We found that the expression profiles of Datura‐ and Nicotiana‐fed insects were distinct (Figure 3a). This difference was driven by many significantly up‐ or down‐regulated genes (N total = 4982; N down = 2121; N up = 2861; Figure 3b, Table S2). The most drastic differences in expression had over 10‐fold changes in either direction (272 genes with |Log2FC| > 3.01). Six differentially expressed genes (DEGs) were functionally annotated as glutathione‐S‐transferases, all of which were found to be up‐regulated in Datura wrightii‐fed samples. Another seven DEGs were annotated as UDP‐glycosyltransferases, four of which were down‐regulated and the other three up‐regulated in Datura‐fed insects. 45 cytochrome P450s were identified as DEG and most of them (N = 29) were up‐regulated. Out of 22 differentially expressed serine proteases, 17 were found to be upregulated in our Datura‐fed samples. The full list of significantly differentially expressed genes, including fold‐change and adjusted p‐values, is in Table S6. Our findings are consistent with previous studies of transcriptomic responses of herbivores to host plant chemistry (Bock, 2016; Castañeda et al., 2009; Lin et al., 2022) and confirm the role of the aforementioned gene families in digestion/detoxification of plant‐derived compounds by T. notatus.

FIGURE 3.

FIGURE 3

(a) Results of PCA analysis from differential expression study. Nicotiana‐ and Datura‐fed T. notatus form distinct clusters. (b) Volcano plot showing the p‐value associated with the “plant” variable in differential expression analysis and the fold change of that gene. Four‐fold changes in either direction (|log2| = 2) are marked for reference, but this was not used as a testing cutoff. Genes that satisfied our cutoff for significance (p adj < .05) are shown in red (N = 4982; Table S3), whereas NS genes are in black.

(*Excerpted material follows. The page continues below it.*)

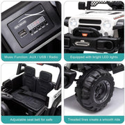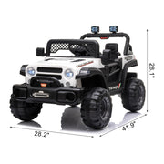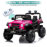 The Electric Off-Road Truck for Kids with LED Lights - 12V 4.5AH Battery Powered Ride On Toy is the ultimate choice for adventure-loving kids. This ASTM-certified electric car is made with high-quality materials, ensuring safety and durability for your child's playtime. Whether they want to drive manually or use the remote control, parents can safely guide their child on exciting rides. The adjustable seat belt provides added safety and comfort during the journey.Key Features:- ASTM-Certified for safety- Easy to assemble, ensuring quick and hassle-free setup- Automatic reset fuse for protection circuit, ensuring safety during playtime- Built-in AUX outlet allows kids to plug in media devices and enjoy their favorite music while riding- Soft start technology prevents sudden acceleration or braking, keeping kids safe from any danger- Rechargeable 12V battery with included charger provides hours of playtime- 2.4G remote control with 3 different speed modes, giving parents full control over the ride- Adjustable seat belt for safe and comfortable use- Recommended for single riders ages 3-6, perfect for young adventurersSpecifications:- Color options: Black, White, Red, Blue, Rose Red, Pink- Material: PP Plastic, Metal- RC Mode: 3 Speeds Options- Manual Mode: 2 Speeds Accessible- Maximum User Weight: 66lb / 30kg- Charge Time: 8-12 Hrs.- Run Time: 1-2 Hrs.- Speed: 1.9-2.6 mph- Battery Type: 12V 4.5AH- Controller Battery: 2 x AAA Batteries (not included)- Overall Dimensions: (41.9 x 28.2 x 28.1)" / (106.43 x 71.63 x 71.37)cm (L x W x H)- Recommended for Single Rider Ages 3-6Package Includes:- 1 x Electric Car- 1 x 2.4G Remote Control- 1 x Charger- 1 x ManualGet ready for thrilling off-road adventures with the Electric Off-Road Truck for Kids with LED Lights - 12V 4.5AH Battery Powered Ride On Toy. Let your child's imagination soar as they explore the world in their very own remote control ride on truck. Order now and give your little one the gift of endless fun and excitement!

To explore the transcriptional changes associated with host plant species beyond our handful of target genes, we used a gene set enrichment analysis to identify common themes in our set of DEGs. We found a total of 24 GO terms to be significantly enriched within our results (Figure 4, Table S7) and that these are associated with gene/protein expression, nutrient catabolism, and chemosensory functions. Digestive functions were predominantly up‐regulated, with the notable exception of aspartic‐type endopeptidases. Another notable finding is that gustatory perception is enriched in both up‐ and down‐regulated pathways, suggesting the presence of complex host‐plant associated changes to chemosensory pathways. Olfaction was found to only be enriched within up‐regulated pathways.

FIGURE 4.

FIGURE 4

Results of gene set enrichment analyses. 24 Go terms were found to be enriched in either up‐ or down‐regulated gene lists. X‐axes show the ratio of enriched genes versus the total count of genes sharing that GO term. Dot sizes represent the total number of genes sharing each GO term whereas dot colors represent the p‐value (adjusted for multiple tests) of each term.

4. DISCUSSION

Producing high‐quality reference genome assemblies for small insects remains challenging. In this study, we were able to produce a high‐quality draft assembly using PacBio HiFi reads from a pooled sample of genetically variable individuals. It is important to note that our assembly is not chromosome‐scale or error free, and should be not used as a reference in analyses such as studies of chromosomal rearrangements or other structural variants. However, the unique protein‐coding regions are well represented, indicating that our assembly is of sufficient quality for studies focused specifically on low‐copy gene content and function. Moreover, our assembly was far more contiguous and complete than genome assemblies produced using short‐read technologies. Repetitive element and gene content of our assembly is comparable to that of another mirid (Cyrtorhinus lividipennis) which was previously found to have a 345.75 Mb genome containing 14,644 protein‐coding genes and 31.1% repeat content (Bai et al., 2022). In its current state, it is a suitable reference for the gene content of this species. We were able to use this genome as the basis for multiple differential expression analyses and preliminary assessments of functional gene content. It will likely also serve as a suitable reference assembly for population genomic analyses and other read‐mapping based pipelines. This demonstrates the utility of pooled‐sample genome assemblies when working with small insects that present difficulties for extracting sufficient quantities of DNA from a single individual.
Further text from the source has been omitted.